Infections Caused by Naturally AmpC-producing Enterobacteriaceae: Can We Use Third-Generation Cephalosporins? A Narrative Review

A Mizrahi et al. Int J Antimicrob Agents.

Abstract

The burden of antibiotic-resistant infections among Gram-negative bacteria is increasing. Resistance to third-generation cephalosporins (3GCs) in Enterobacteriaceae is mainly conferred by the acquisition of β-lactamases or by deregulation of natural genetically-encoded β-lactamase enzymes. Enterobacteriaceae such as Enterobacter spp., Serratia marcescens, Citrobacter freundii, Providencia spp. and Morganella morganii (ESCPM group) possess chromosomally-encoded inducible AmpC β-lactamases. AmpC can be overproduced as a response to β-lactam antibiotic exposure or by constitutive dysfunction of the AmpC regulation system. This overproduction can lead to the inactivation of 3GCs.

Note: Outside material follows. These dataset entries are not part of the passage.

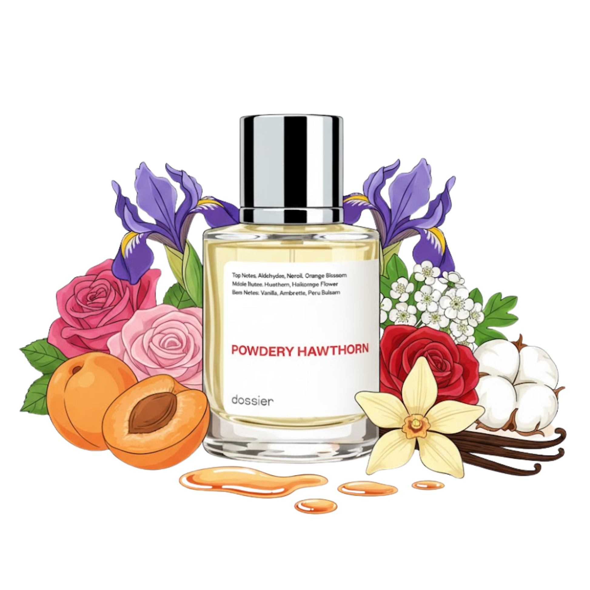 Dossier Powdery Hawthorn is a soft and nostalgic floral fragrance inspired by the iconic Tom Ford Metallique. It opens with a crisp and shimmering burst of aldehydes and pink pepper, creating a cool metallic edge that quickly melts into a lush heart of white flowers and powdery hawthorn. This scent is a beautiful contrast of modern brightness and vintage creaminess, perfect for someone who loves a clean yet addictive aroma.
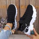 ノーブランド スニーカー 女性用 軽量のクッション入りジム・ランニング・ウォーキングテニスシューズ オールブラックのロートップレースアップデザイン 通気性のあるファブリックアッパー&滑り止めPVCソール ワークアウト/旅行/日常用 安定感抜群のプラットフォーム オールシーズン対応フィットネスシューズ スポーティなデザイン 快適履き心地 ジム愛好家向け
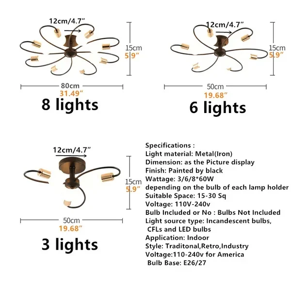 Specifications : Light material: Metal(Iron) Dimension: as the Picture display Finish: Painted by black /white Wattage: 3/6/8*60W depending on the bulb of each lamp holder Suitable Space: 20-30 Sq Voltage: 110V-240v Bulb Included or No : Bulbs Not Included Light source type: Incandescent bulbs, CFLs and LED bulbs Application: Indoor Style: Traditonal,Retro,Industry Voltage:110-240v for America Bulb Base: E26/27 (The bulb is sold separately) Idea for installing in bedroom,living room,foyers,dining room,kitchen,decorative lighting,barn wood,rustic/industrial decor,bar,cafe and hotel Packing include: 1pcs x Lamp base
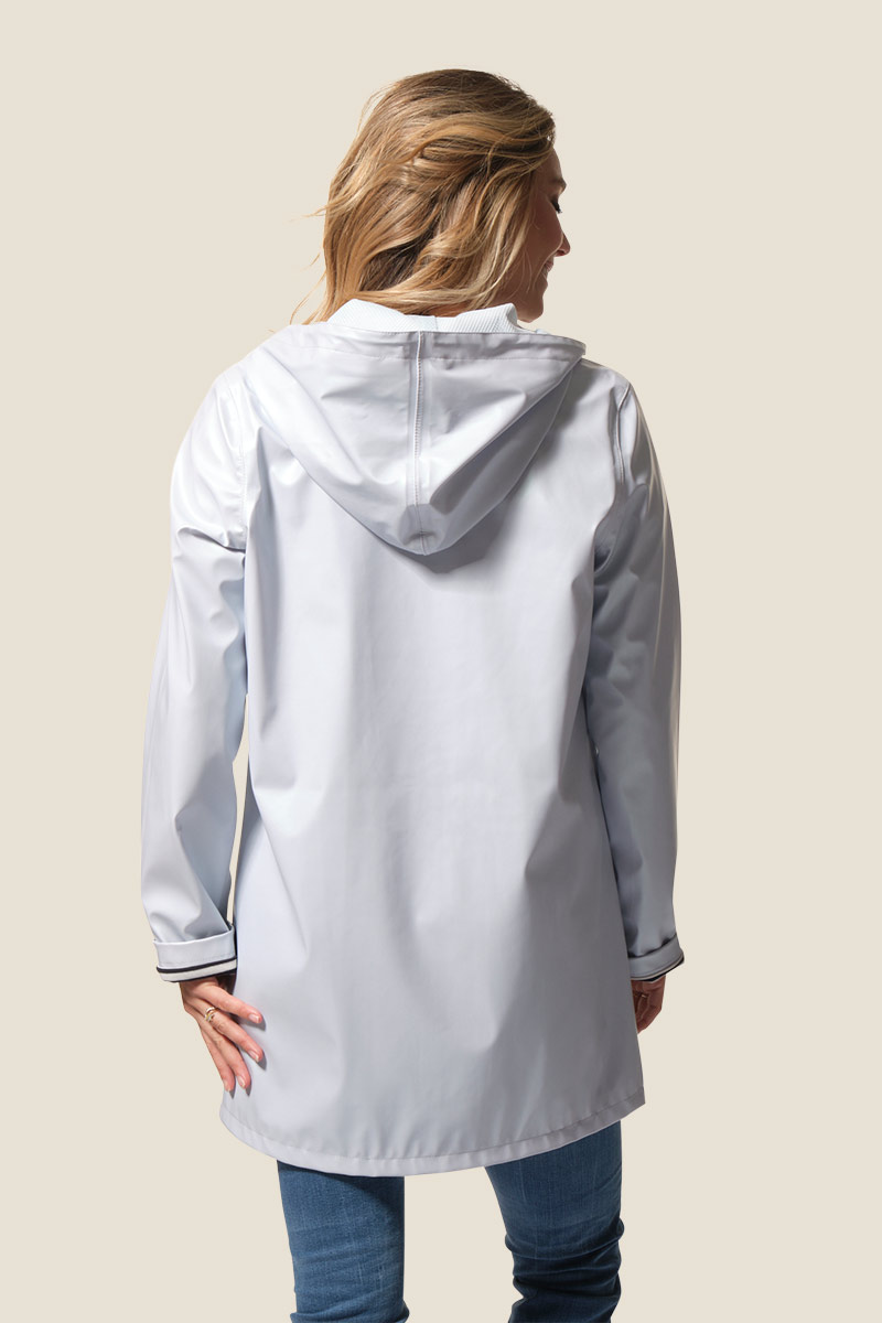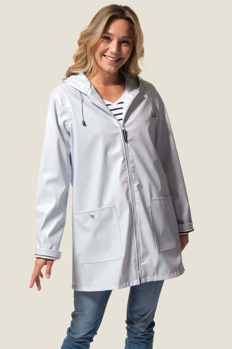 Le ciré Helena est un imperméable mi-long pour femme au fini métallisé et à la coupe droite. Doté d’une capuche avec cordon de serrage, d’une doublure filet et d’une fermeture zippée, il allie style et confort. Avec une imperméabilité de 4000 mm, il protège efficacement de la pluie au quotidien. ☔
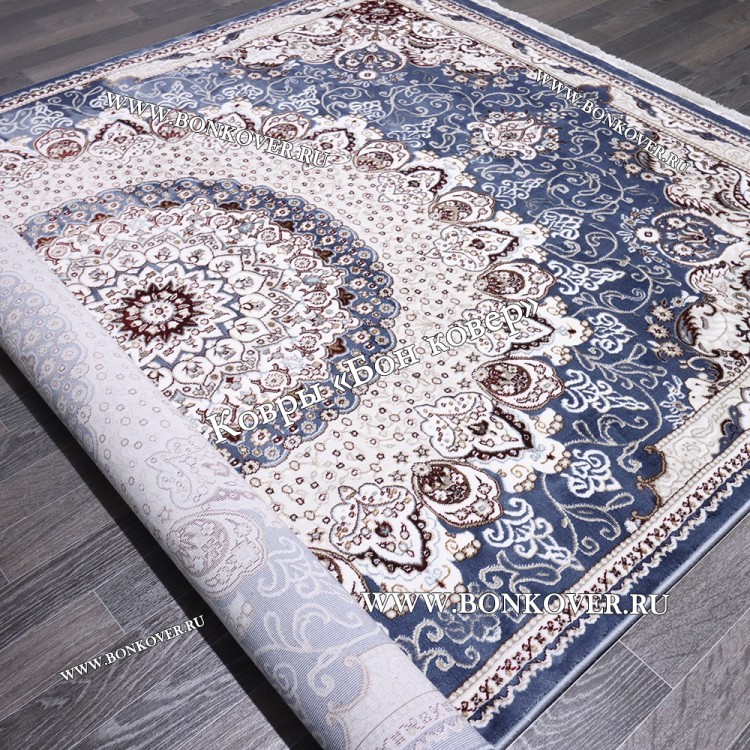 Красивый Турецкий Ковер для гостиной дизайн 017 Синий наполняет интерьер квартиры теплом и уютом, гармонично сочетает в себе изящество и красоту. Он изготовлен из экологически чистого сырья, прочный и долговечный.
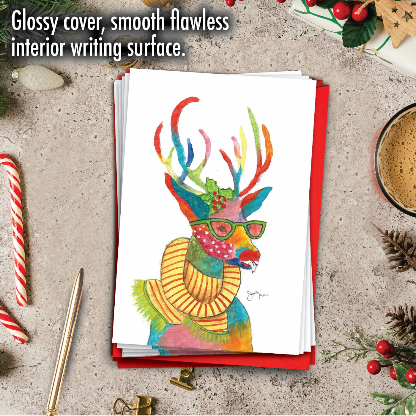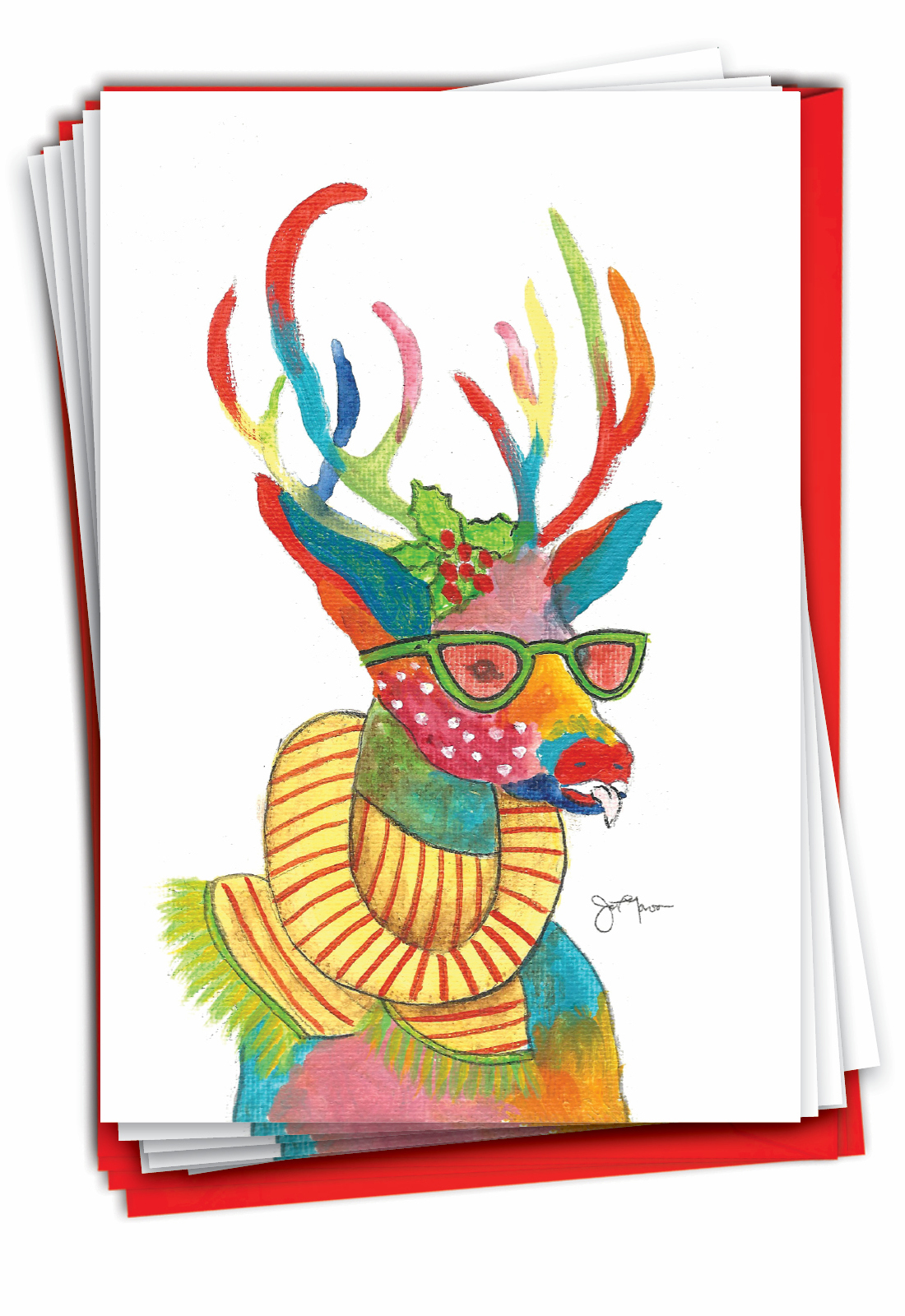 Fancy Reindeer - Scarf - Artful Merry Christmas Box of 12 Cards, Wholesale
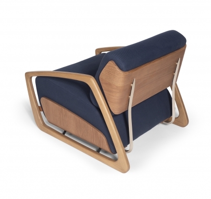 Possui um interessante mix de materiais como madeira, alumínio fundido, tapeçaria, multilaminado, couro e latão. Os braços foram desenhados para flutuarem em torno ao assento, e a peça detem uma construção com muitas novas técnicas e tecnologias.
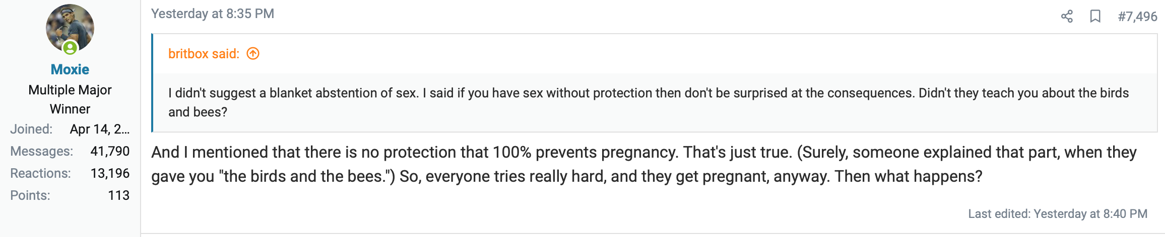 Oh, and not to put too fine a point on it, but the one who gets pregnant is the woman. She's the one with the bigger stakes in the game. She can hope that her husband or partner is on board, but when the musical chairs is over, she's still the one raising a baby. You "can't escape the feeling" that I don't fully accept the responsibility and accountability of women "in this tango." Yeah, right.
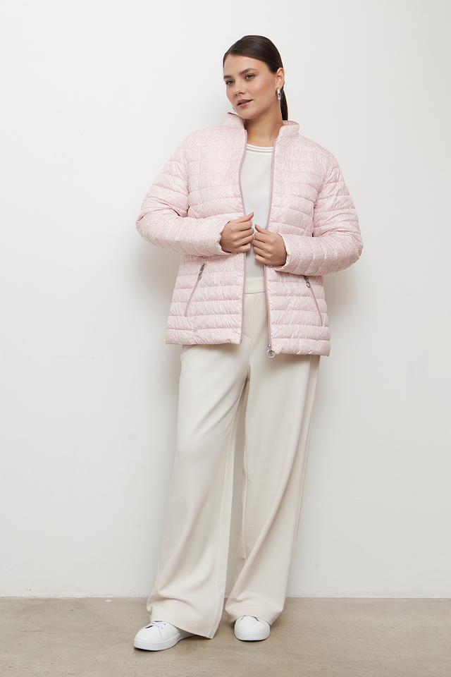 Эта куртка от Lebek выполнена в нежном розовом цвете и имеет стеганую текстуру. Модель застегивается на молнию, имеет воротник-стойку и боковые карманы на молнии.
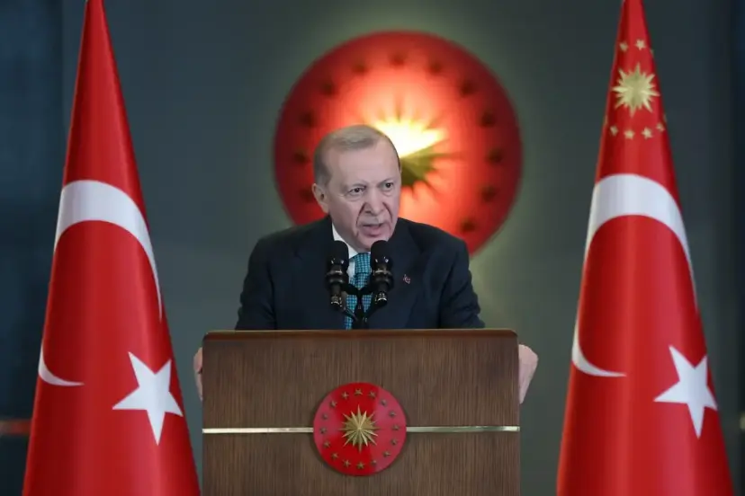 Ardından 'Terörsüz Türkiye' sürecine değinen Erdoğan, "Biz derdi olan bu ülkenin, bu milletin derdiyle dertlenen bir kadroyuz. Milletin takdiriyle ülkeyi yönetme görevini devraldığımız günden bu yana 86 milyonun müreffeh ve mutlu geleceği için canla başla çalışıyoruz. Gerek bölgemizde gerekse dünyada risk ve belirsizliklerin dalga dalga yayıldığı kritik bir dönemde iç cephemizi tahkim etmek amacıyla Cumhur İttifakı olarak tarihi bir adım attık. 'Terörsüz Türkiye' sürecini başlatarak milletimizin ayağına vurulan yarım asırlık kanlı prangayı parçalamak üzere sadece elimizi değil gövdemizi de taşın altına koyduk. Süreci sabote etmek isteyen karanlık odaklara rağmen 16 aydır hem büyük bir hassasiyetle hem de müstesna bir başarıyla süreci yönetiyoruz. İlgili kurumlarımız sahadaki görevlerini özenle ve koordinasyon içinde icra etmeyi sürdürüyor. Suriye'nin kuzeyindeki sorunun inşallah suhuletle çözülmesiyle birlikte önümüz daha da açılacaktır. Türkiye olarak bunun gerçekleşmesi için kardeşlik ve komşuluk hukuku çerçevesinde gereken desteği vermeye devam edeceğiz" dedi.
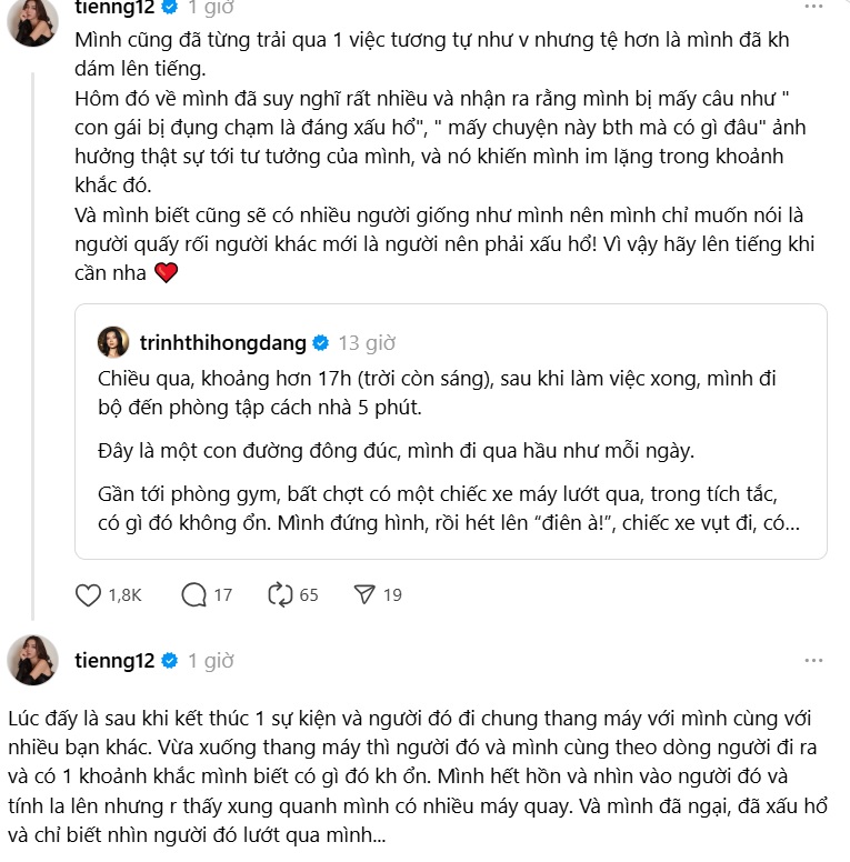 Giữa động thái mạnh mẽ của Hồng Đăng, Hoa hậu Thùy Tiên cũng chia sẻ lại bài viết của Á hậu Miss Universe Vietnam và cho biết cô cũng từng là nạn nhân bị quấy rối, đụng chạm khiếm nhã nơi công cộng như đồng nghiệp. Tuy nhiên, Thùy Tiên chia sẻ cô đã không dám lên tiếng tố cáo, lặng lẽ bỏ qua hành vi sai trái của kẻ xấu dù biết “thủ phạm” là ai vào thời điểm đó.
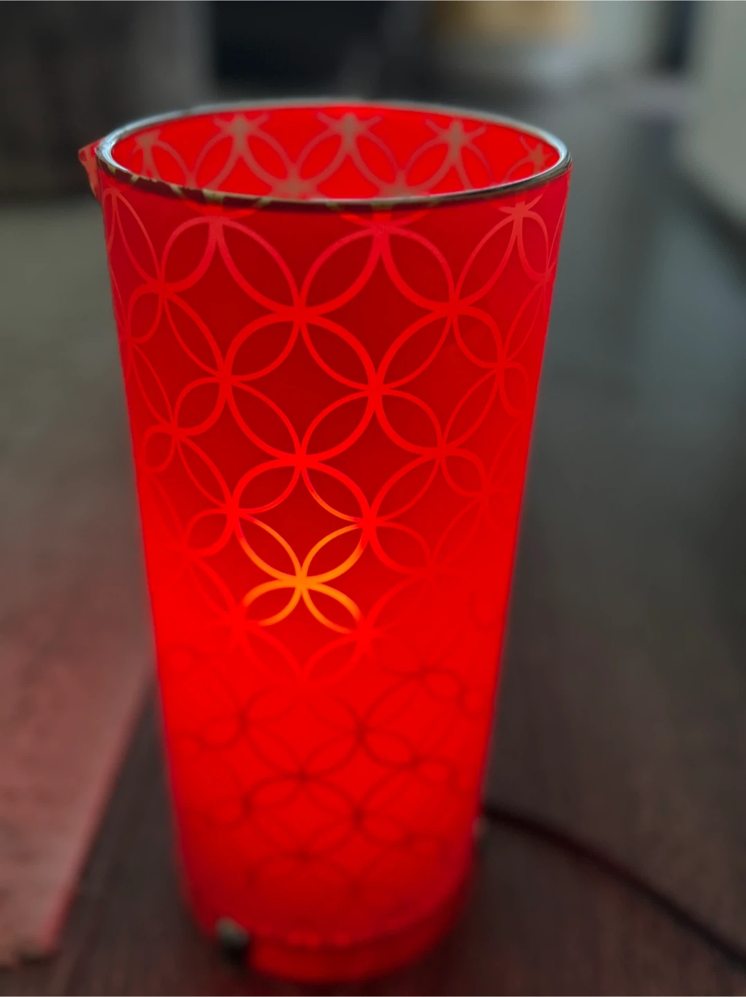 Here's a vibrant red accent lamp to brighten up any room! It features a unique geometric pattern and a warm, inviting glow. Perfect for adding a touch of modern style to your home decor
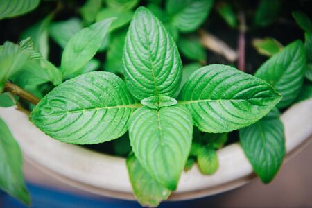 Mint leaves growing in the vegetable garden plant for herbs and food
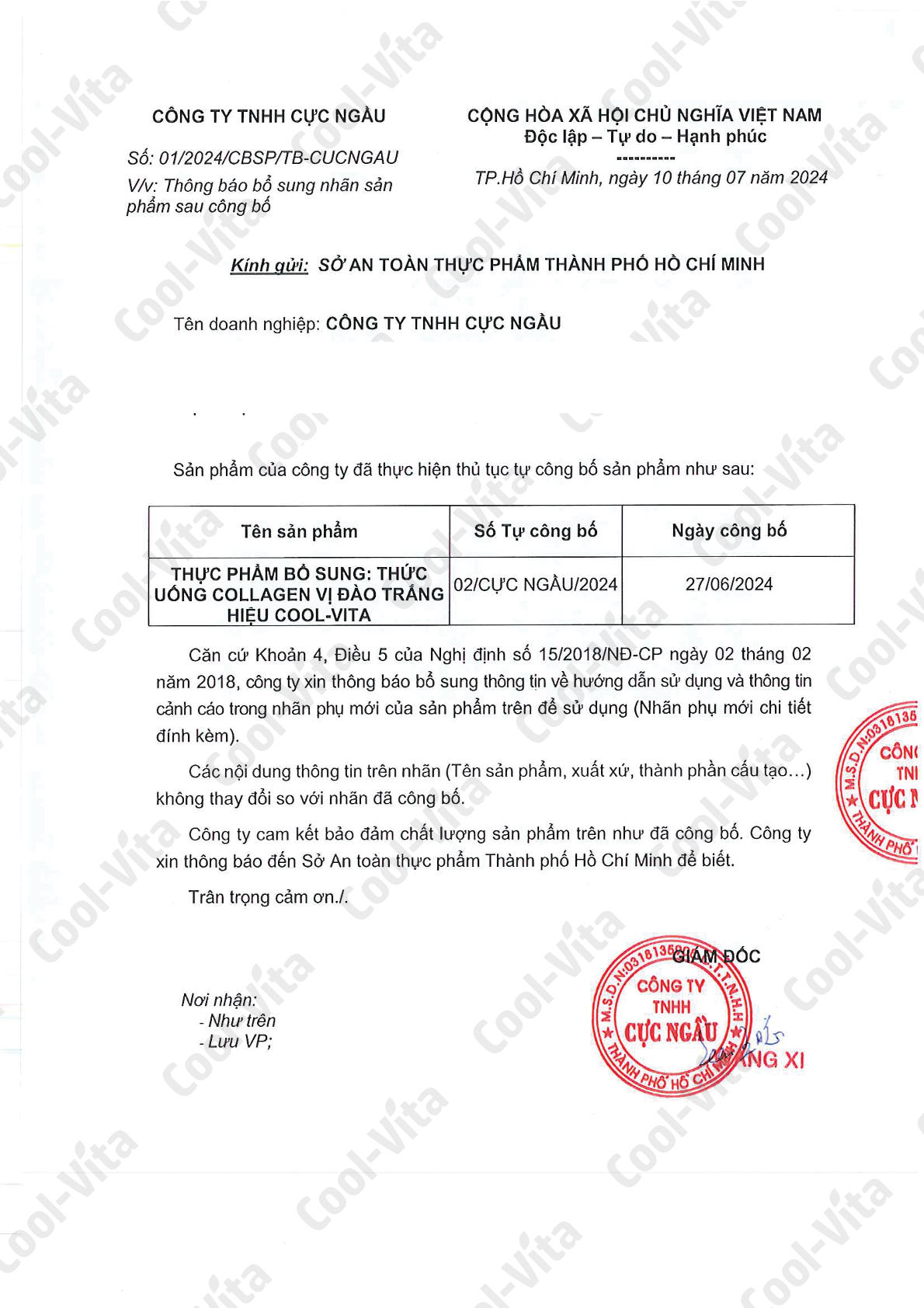 - Công dụng của nước uống Collagen Cool-Vita: Đáp ứng nhu cầu bổ sung collagen hàng ngày. Hỗ trợ duy trì độ đàn hồi cho da. Giúp hạn chế sự xuất hiện và hỗ trợ che giấu nếp nhăn. Hỗ trợ dưỡng tóc và móng chắc khỏe hơn.
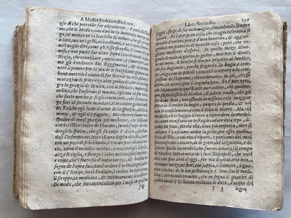 8vo (the leaf 143x95 mm), contemporary ‘carta rustica’ venetian pasteboard, spine lately covered with colored paper, flyleaves with fragments of a leaf perhaps from a 17th cent. edition of Della Porta’s work on Physiognomy, generally a genuine copy (6 leaves still unopened). Small woodcut device on title-page, pp. [6], 256 [i.e. 258, the first numb. leaf wrongly numb. 5 as quoted by the Italian SBN].

Based on small clinical studies, international guidelines and expert recommendations suggest that 3GCs should be avoided as definitive therapy for infections caused by ESCPM group organisms. In this narrative review, we discuss the published literature and evaluate the risk related to 3GC use in the case of documented ESCPM infection.

Keywords: AmpC; Antibiotic therapy; Cephalosporinase; Enterobacteriaceae.